When we start learning AWS, we usually learn bits and pieces of it, like some of the core services; working around the AWS console, we could create a new ec2 instance or an s3 bucket and upload something. But in most cases, we couldn’t combine all the services into an actual application. We knew different AWS services that we have been learning but couldn’t put them together into an actual usable thing, and if you’re feeling the same way, you’ve come to the right place. After finishing this article, you will be able to build a Password Manager application that is hosted in AWS, does its computation in the AWS server, user data will be sent to the backend server via an API Gateway, Final result will be displayed to the user in browser and also stores the data in an AWS database.

 Source: Created by Author

Ensure you have an AWS account and access to the console before moving further. Previous Knowledge of AWS is not necessary for this article; if you have some basic understanding already, that will be helpful if you don’t know, you should still be able to follow along as we are building our application. This article isn’t meant to be a deep dive into any AWS services, but it’s meant to tie them all together into a working application.

Learning Objectives

  • Create an end-to-end web application by integrating different AWS services.
  • Learn how to deploy and host web applications using AWS Amplify.
  • Learn how to create a backend server using AWS Lambda.
  • Learn how to use API Gateway for data transfer between frontend and backend components.
  • Learn how to store and retrieve data from the AWS DynamoDB database.

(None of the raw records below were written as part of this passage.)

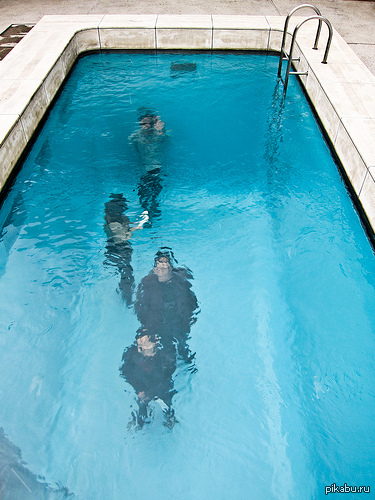 PapaTunde Интерактивная инсталляция. 10 лет назад 10-сантиметровый слой воды на стекле и стены цвета аквамарин создают иллюзию заполненного бассейна. Инсталляция Бассейн Интересное
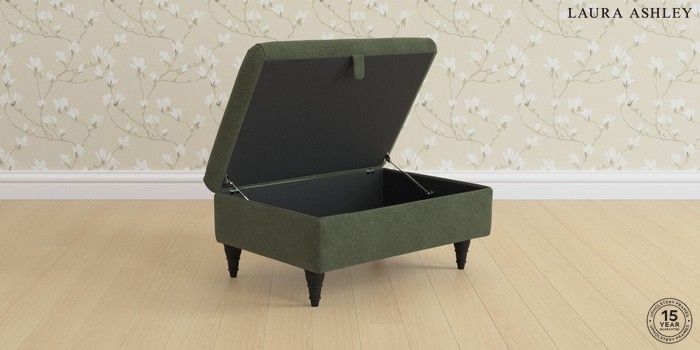 7.3.8 Buy Ambersham by Laura Ashley Storage Footstool Lundar Chenille Ivy Green Low Turned - Black from the Next UK online shop
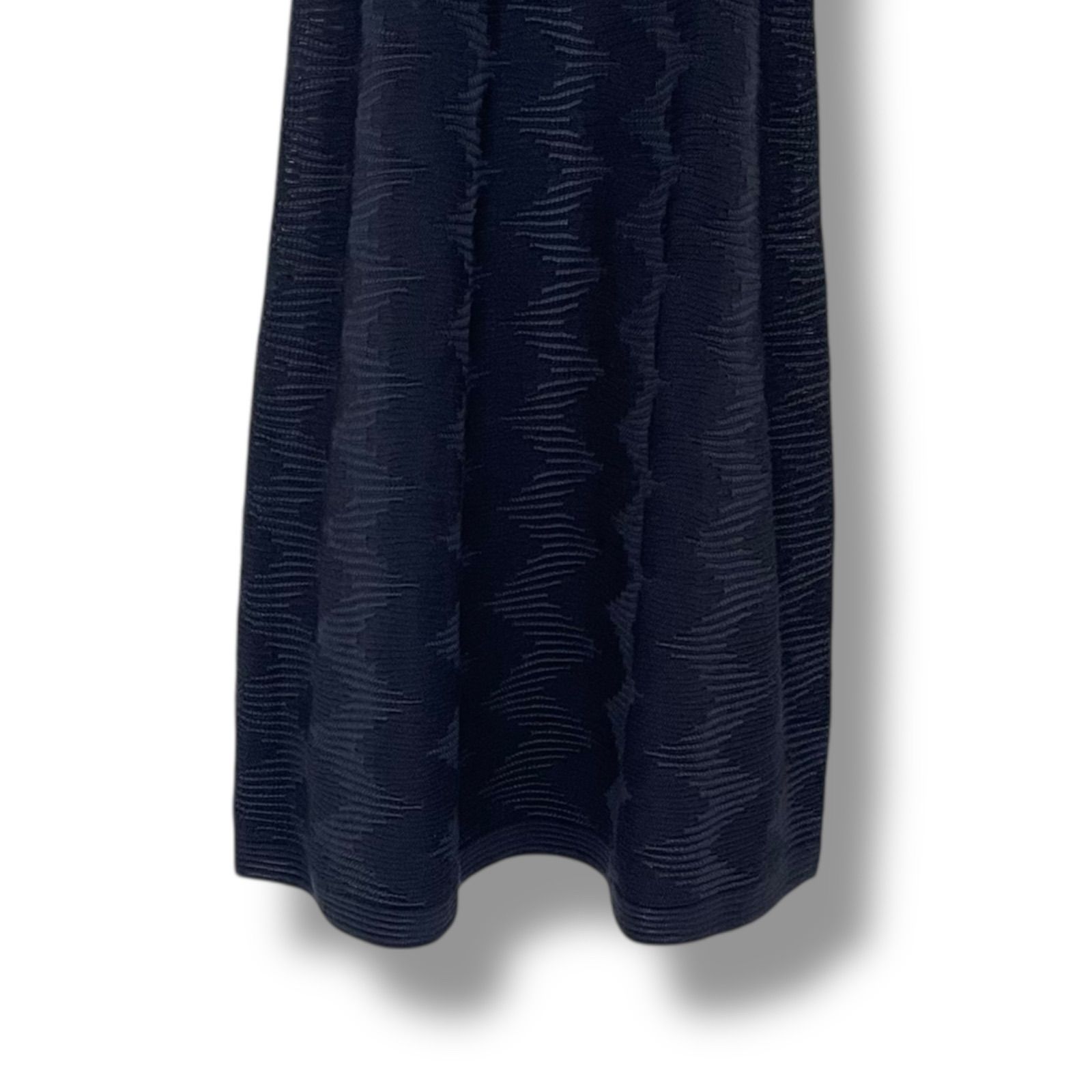 MISSONI ミッソーニ ネイビー リブニット ワンピース 半袖 毛54% レーヨン46% ルーマニア製 38 Sサイズ相当 レディース 上質 エレガント おしゃれ 0000484OC WWW_NICORILABO_COM
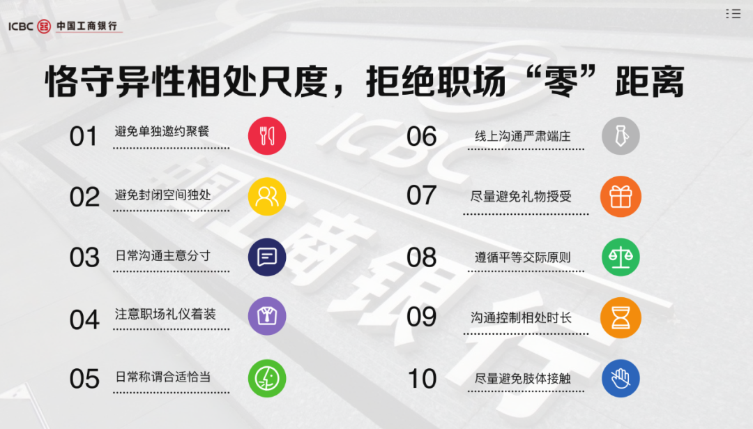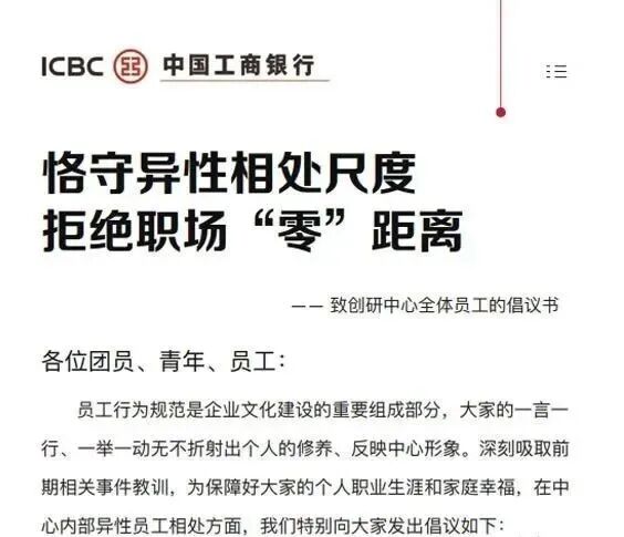 震惊银行业!工行发布最强员工行为规范 小百 • 2021-03-04 支付图文 3月2日下午,有网友爆料:中国工商银行发布内部倡议,提示要“恪守异性相处尺度,拒绝职场‘零’距离”。 《倡议书》写明了10条准则: 有人认为,这种倡议有点“严格”了: 也有人表示,这在一定程度上避免了职场性骚扰: 合作/客服微信:baike2999 ▼进群加微信:baike2888 点击下方卡片关注支付百科 编辑:小百,转载请注明出处:https://www.paybaike.com/?p=3570 0 扫一扫,分享到微信 猜你喜欢 未央今日播报:“固收+”基金迎监管新规范 支付宝公布小微商家降费进展 未央今日播报:三部门发文规范网络直播营利行为 淘宝App内测微信支付 移动支付干掉线下终端,ATM龙头转型难
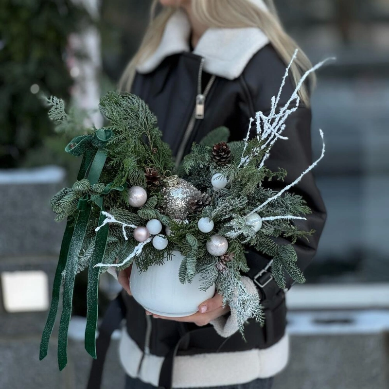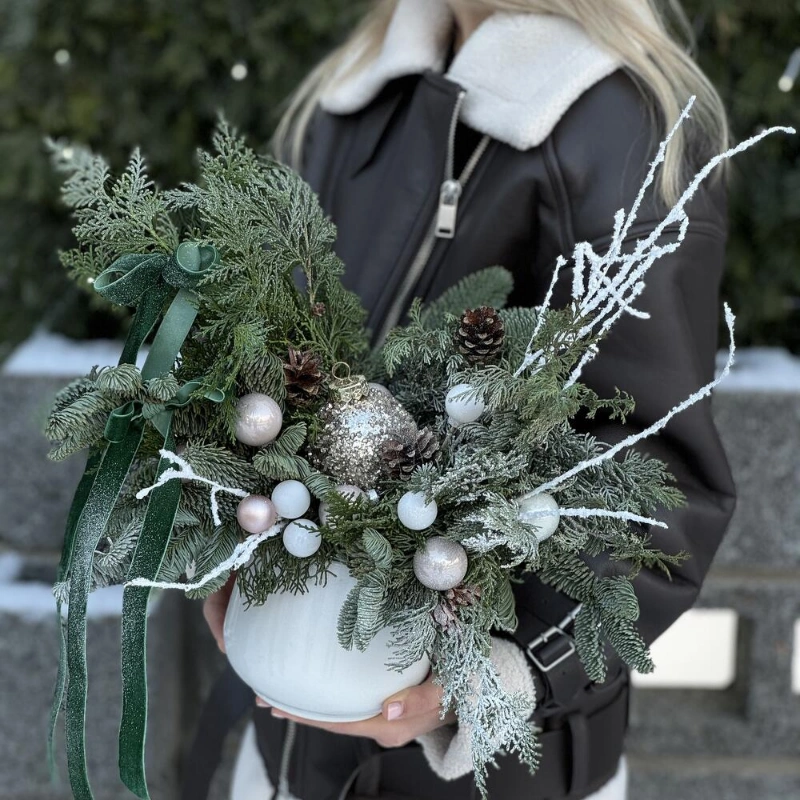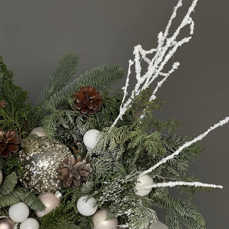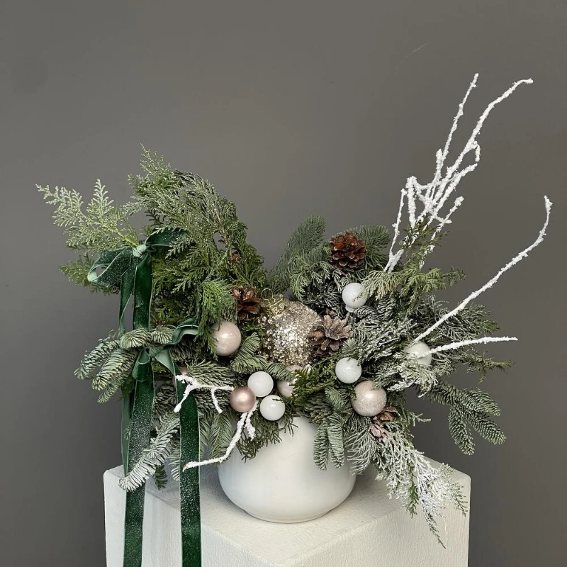 Эта новогодняя композиция сочетает в себе изысканную красоту датского нобилиса и праздничное настроение. В центре букета расположена яркая новогодняя игрушка, которая придает композиции особую атмосферу праздника. Датский нобилис добавляет зелень и свежесть, создавая ощущение зимнего леса. Игрушка украшена блестками и праздничными лентами, что делает её акцентом всей композиции. Комбинация нежных зелёных веточек и ярких декоративных элементов создает гармоничный и живой образ. Такая композиция отлично подойдет для украшения дома или подарка на праздники. Она прекрасно сочетает природу и праздничный декор, создавая теплую и уютную атмосферу. Этот букет станет ярким акцентом любой новогодней обстановки.

This article was published as a part of the Data Science Blogathon.

Overview of the Services and Application We’ll be Building

This article uses five AWS services to build end-to-end web applications from scratch, as shown in the above image. We will create a Secure Password Manager application that generates and stores secure passwords by taking the name, length, and properties of passwords (capital letters, small letters, numbers, special characters) as input. This simple application ties together all the main components you would need to build a much larger real-world application.

What do we need to do to build this application?

  • We must create and host a web page that our users will navigate in their browsers.
  • We need a way to invoke the password generate functionality.
  • We need a way to do the computation that gives results.
  • We need a way to store the result, and we need a way to return the result to the user.
  • We need to handle the permissions of these services in AWS.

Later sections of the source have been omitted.